The most challenging task in the agriculture sector is to accurately predict crop yield. Here is the complete Wild Blueberry Yield Prediction Model coupled with Exploratory Data Analysis(EDA) and Explainable AI.

**Importing all the crucial libraries**

In [None]:
!pip install dabl

In [None]:
!pip install shap

In [None]:
import numpy as np
import pandas as pd
import matplotlib.pyplot as plt
%matplotlib inline
import seaborn as sns
import dabl
import shap

from sklearn.model_selection import train_test_split, GridSearchCV
from sklearn.metrics import mean_squared_error, accuracy_score

import warnings
warnings.filterwarnings("ignore")

**Data Preprocessing**

In [None]:
dataset = pd.read_csv('../input/wild-blueberry-yield-prediction/Data in Brief/Data in Brief/WildBlueberryPollinationSimulationData.csv')

In [None]:
dataset.head(10)

In [None]:
dataset.drop('Row#', axis='columns', inplace=True)

In [None]:
dataset.head(10)

In [None]:
dataset.tail(10)

# Exploratory Data Analysis

In [None]:
dataset.info()

In [None]:
import plotly.express as px
fig = px.histogram(dataset, x="yield")
fig.show()

In [None]:
dabl.plot(dataset, target_col="yield")

**Removing Outliers**

In [None]:
sns.boxplot(x=dataset['bumbles'])

In [None]:
sns.boxplot(x=dataset['honeybee'])

In [None]:
q1 = dataset.quantile(0.25)
q2 = dataset.quantile(0.75)
iqr = q2 -q1
print(iqr)

In [None]:
dataset = dataset[~((dataset < (q1 - 1.5 * iqr)) |(dataset > (q2 + 1.5 * iqr))).any(axis=1)]
dataset.shape

**Correlation**

In [None]:
plt.figure(figsize=(20,20))
c = dataset.corr()


In [None]:
c

In [None]:
plt.figure(figsize=(15,12))
sns.heatmap(c, annot=True, cmap="YlGnBu")
plt.title('Heatmap to understand the correlation between input data', fontsize=15)
plt.show()

# Multiple Linear Regression

**Modelling**

In [None]:
X = dataset[['clonesize','honeybee','bumbles', 'andrena', 'osmia', 'MaxOfUpperTRange', 'MinOfUpperTRange', 'AverageOfUpperTRange', 'MaxOfLowerTRange', 'MinOfLowerTRange', 'AverageOfLowerTRange', 'RainingDays', 'AverageRainingDays', 'fruitset', 'fruitmass', 'seeds']]
X

In [None]:
y = dataset['yield']
y

In [None]:
print(X.shape)

In [None]:
print(y.shape)

In [None]:
X_train, X_val, Y_train, Y_val = train_test_split(X, y, test_size=0.2, random_state=0)

In [None]:
print(X_train.shape)

In [None]:
print(X_val.shape)

In [None]:
from sklearn.linear_model import LinearRegression
reg = LinearRegression()

**Model Evaluation**

In [None]:
reg.fit(X_train, Y_train)

**Prediction**

In [None]:
Y_pred = reg.predict(X_val)

In [None]:
rmse = np.sqrt(np.mean((Y_val - Y_pred)**2))
rmse

In [None]:
from sklearn.metrics import r2_score
r2_score(Y_pred, Y_val)

In [None]:
data_pred = X_val.iloc[8,:] 
data_pred_array = data_pred.values.reshape(1, -1)

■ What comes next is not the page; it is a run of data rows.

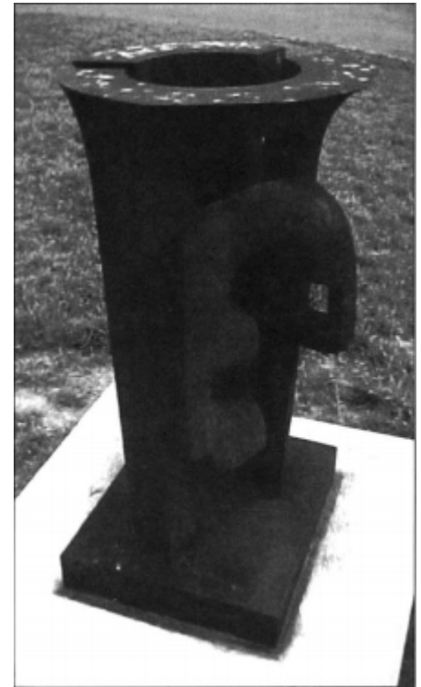
Aizkorbe, Columna en transformación , 1992.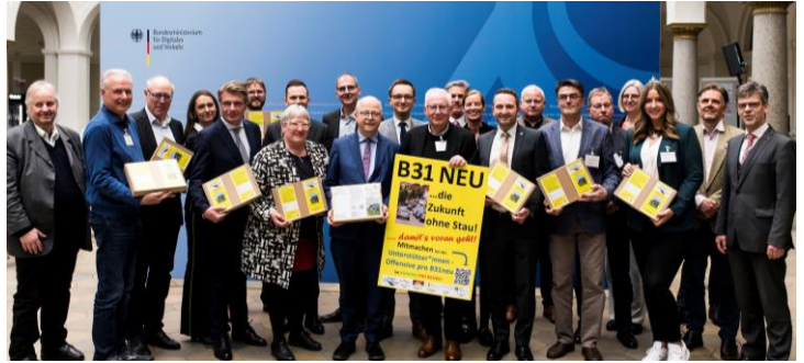
Bei der Übergabe der Unterschriften im Rahmen der Pro B31-Aktion im Bundesverkehrsministerium.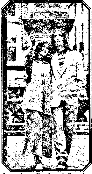
intrucută. Dacă e să fim sinceri, trebuie să recunoaștem că individul nu-i „curat” ca lacrima. Vreau să spun că la vârsta lui (25 de ani) orice

reg.predict(data_pred_array)

# Random Forest Regression

**Modelling**

In [None]:
from sklearn.ensemble import RandomForestRegressor

**Model Evaluation and Prediction**

In [None]:
params = {
    'n_estimators' : [25, 50, 75, 100, 150, 200],
    'max_depth' : [2, 4, 6, 8, 10]  
}
rfreg = GridSearchCV(RandomForestRegressor(random_state=0), params)
rfreg.fit(X_train, Y_train)

Y_pred = rfreg.predict(X_val)

rmse = np.sqrt(np.mean((Y_val - Y_pred)**2))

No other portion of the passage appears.